A common query for the bibliographic database looks like :
‘Please give me all items related to project documentation of a specific project/dataset.’or ‘Please give me all Algorithm Theoratical Basis Documents of a specific project/dataset’.
In addition to these common queries a new user requirement is, to add a new level of categorization to the ‘Types‘, in order to enable queries like: ‘Please give me all technical items related to project documentation of a specific project/dataset.’
That leads us to the questions what are technical items and what other kind of items are to be captured? As we think about it, we come to the conclusion that we need a hierarchal order of those items.
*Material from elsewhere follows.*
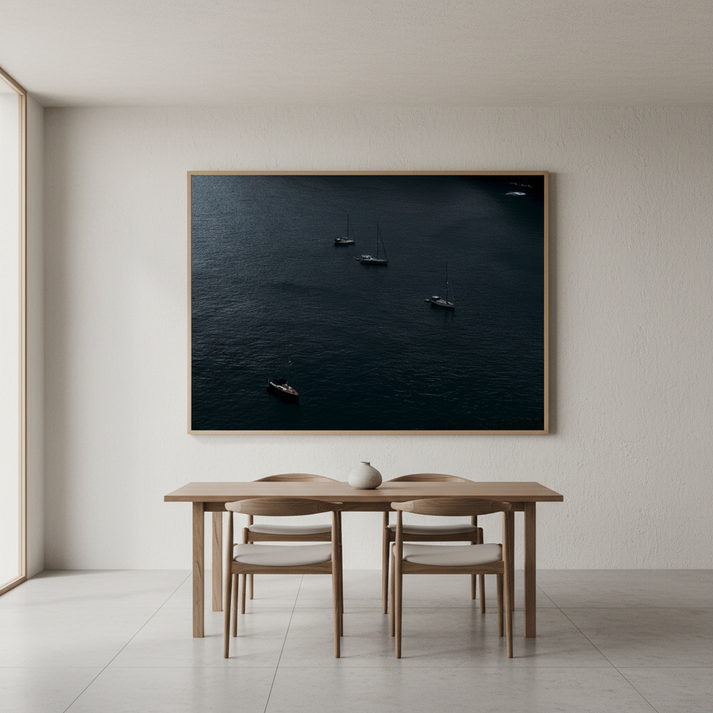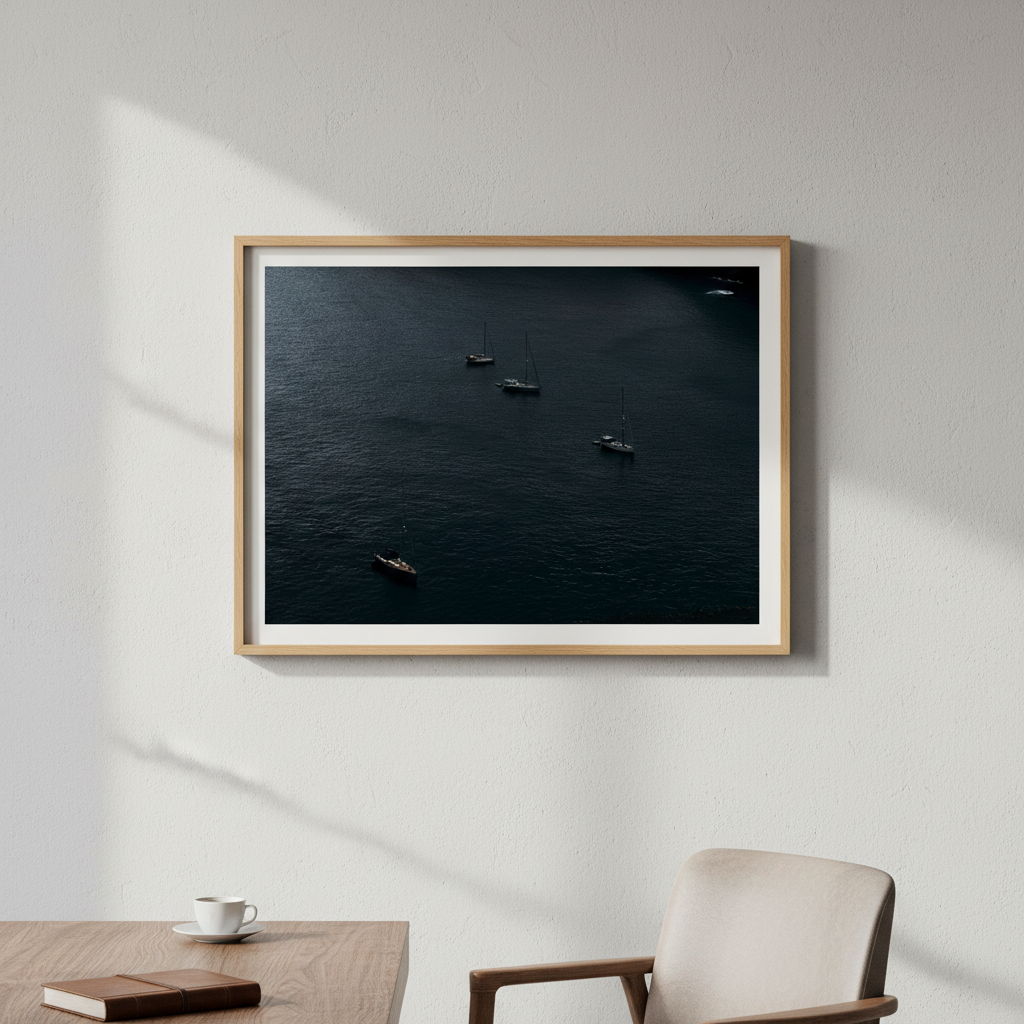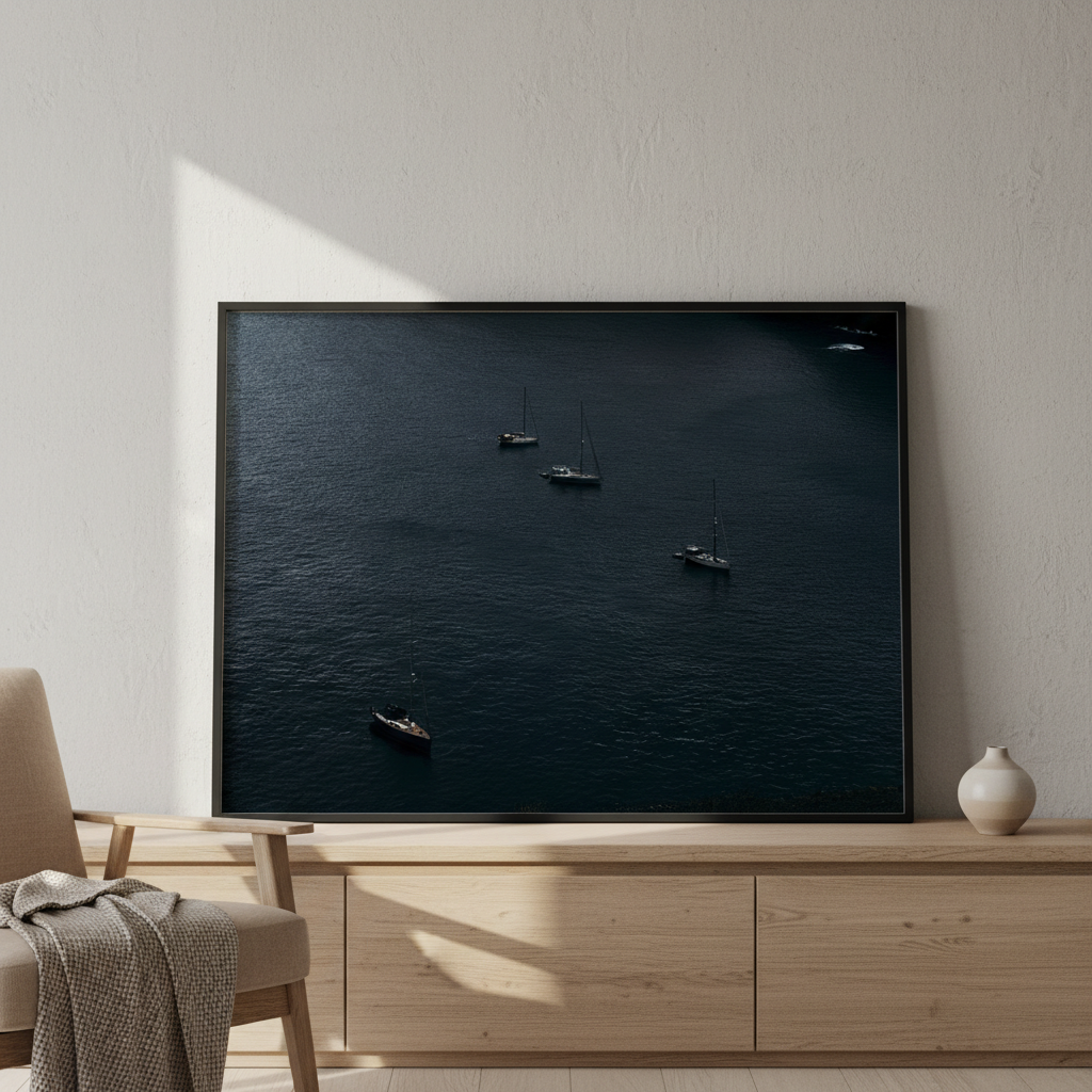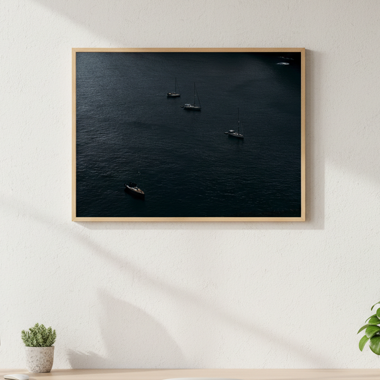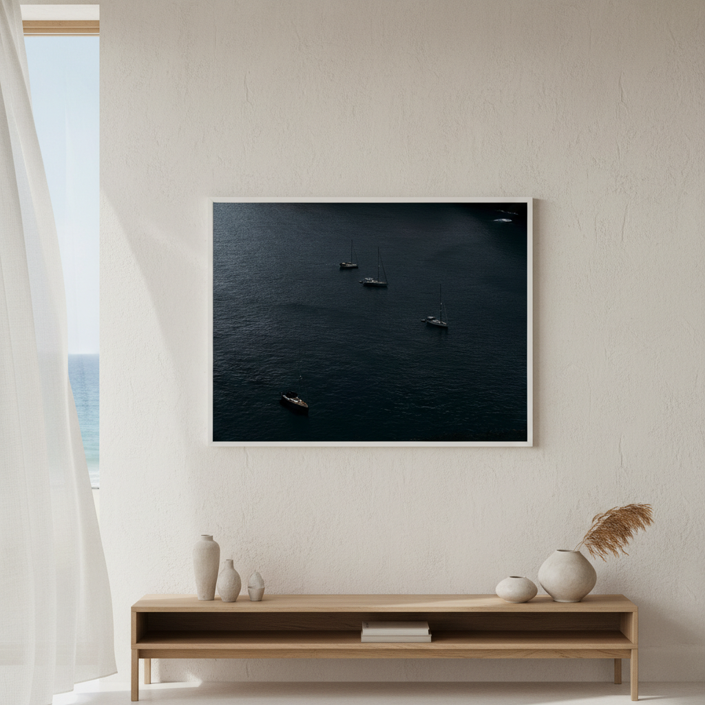 Capture the serene beauty of four sailboats anchored in a dark blue body of water with this stunning artwork. This piece evokes a sense of calm anticipation and maritime tranquility, perfect for adding coastal charm to any space.
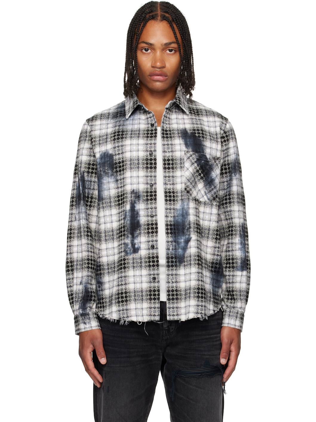Cotton flannel shirt. · Logo check pattern and discoloration throughout · Spread collar · Button closure · Logo plaque at patch pocket · Frayed shirttail hem · Buttoned barrel cuffs · Logo printed at back Supplier color: Black 100% cotton. Made in Italy 252886M192026

Additionally it would be a great deal to make these classifications and definitions publicly available, at least to our department as a kind of department vocabulary and not to hide them inside an application.
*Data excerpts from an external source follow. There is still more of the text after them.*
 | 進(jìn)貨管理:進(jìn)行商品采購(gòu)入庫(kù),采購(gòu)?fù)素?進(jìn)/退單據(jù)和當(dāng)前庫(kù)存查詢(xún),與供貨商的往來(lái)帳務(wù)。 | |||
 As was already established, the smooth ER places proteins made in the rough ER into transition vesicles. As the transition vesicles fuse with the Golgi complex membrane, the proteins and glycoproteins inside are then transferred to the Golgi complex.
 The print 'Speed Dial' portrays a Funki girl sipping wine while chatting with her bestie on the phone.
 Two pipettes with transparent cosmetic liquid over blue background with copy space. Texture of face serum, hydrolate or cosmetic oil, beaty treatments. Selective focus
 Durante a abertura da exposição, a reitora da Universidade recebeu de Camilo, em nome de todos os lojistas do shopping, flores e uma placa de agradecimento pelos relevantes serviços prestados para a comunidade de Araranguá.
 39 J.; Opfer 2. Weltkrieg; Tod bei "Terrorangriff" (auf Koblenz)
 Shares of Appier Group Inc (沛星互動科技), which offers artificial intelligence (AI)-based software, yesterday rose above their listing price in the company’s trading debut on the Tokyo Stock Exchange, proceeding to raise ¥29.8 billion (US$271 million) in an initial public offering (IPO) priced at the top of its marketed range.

After we have captured these fundamental requirements let’s have a look how CHARMe may help us to get on the way.
In the CHARMe project we have defined to use the FRBR-aligned Bibliographic Ontology, fabio, a publicly available and widespread used ontology. Therefore we should watch out for some fabio-classes, which we can map to our DocType and Type entries. And indeed except for DocType.document we find the following mappings:
docType:article to :
docType:presentation to :
docType:poster to :
The nearest match to docType:document might be:
And as we see the fabio:Report already has some sub-classes, but when we take a closer look into fabio:TechnicalReport we have to notice that it is leaf node in the fabio-hierachy. So we need to find a way to exend the fabio-ontology In order to cover our technical items, like the ATBD.
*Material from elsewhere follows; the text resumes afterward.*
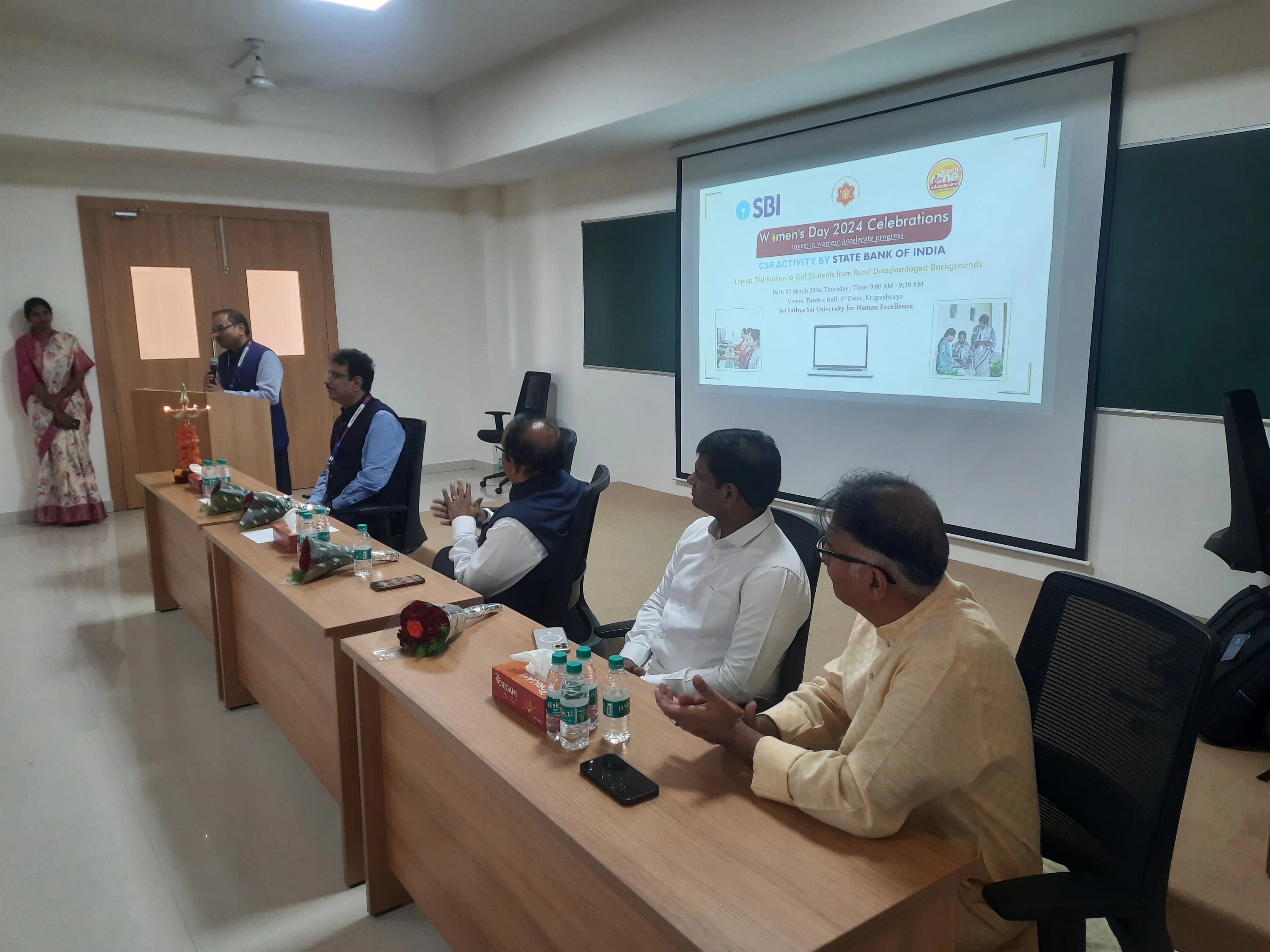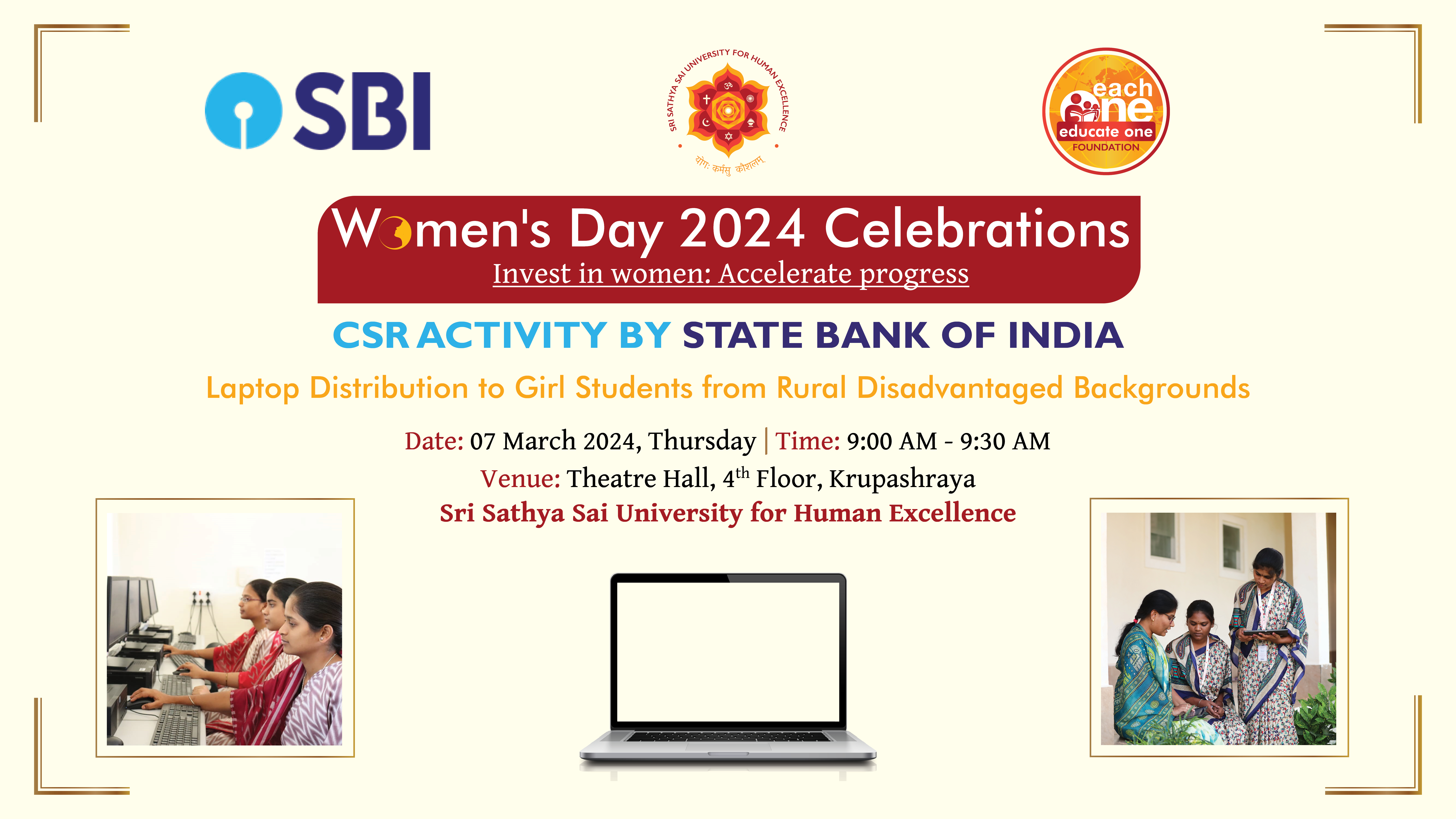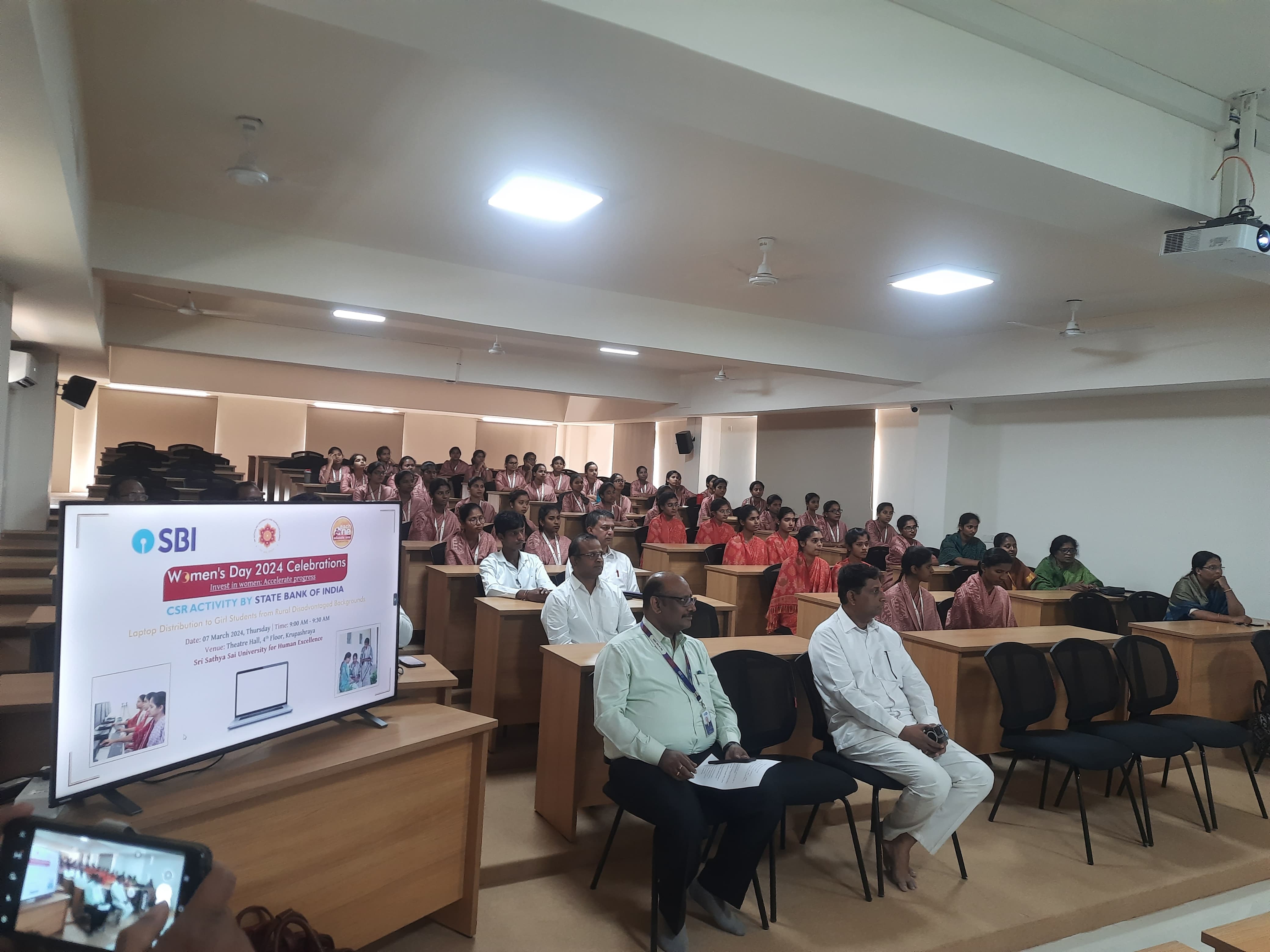 On the 7th of March 2024, Thursday, the Sathya Sai University for Human Excellence (SSSUHE) marked the celebration of Women's Day at the Theatre Hall, 4th Floor, Krupashraya. The event took place from 9:00 AM to 9:30 AM, featuring a significant initiative by the State Bank of India's CSR program – the distribution of laptops to girl students of SSSUHE.

While finding an existing, public widespread ontology which defines the term ATBD for us would be the preferred option, in this blog we start to create our own definition/vocabulary and trying to extend fabio to our needs, by using SKOS.
SKOS, which stands for Simple Knowledge Organization System, is a W3C standard, based on other Semantic Web standards (RDF and OWL), that provides a way to represent controlled vocabularies, taxonomies and thesauri.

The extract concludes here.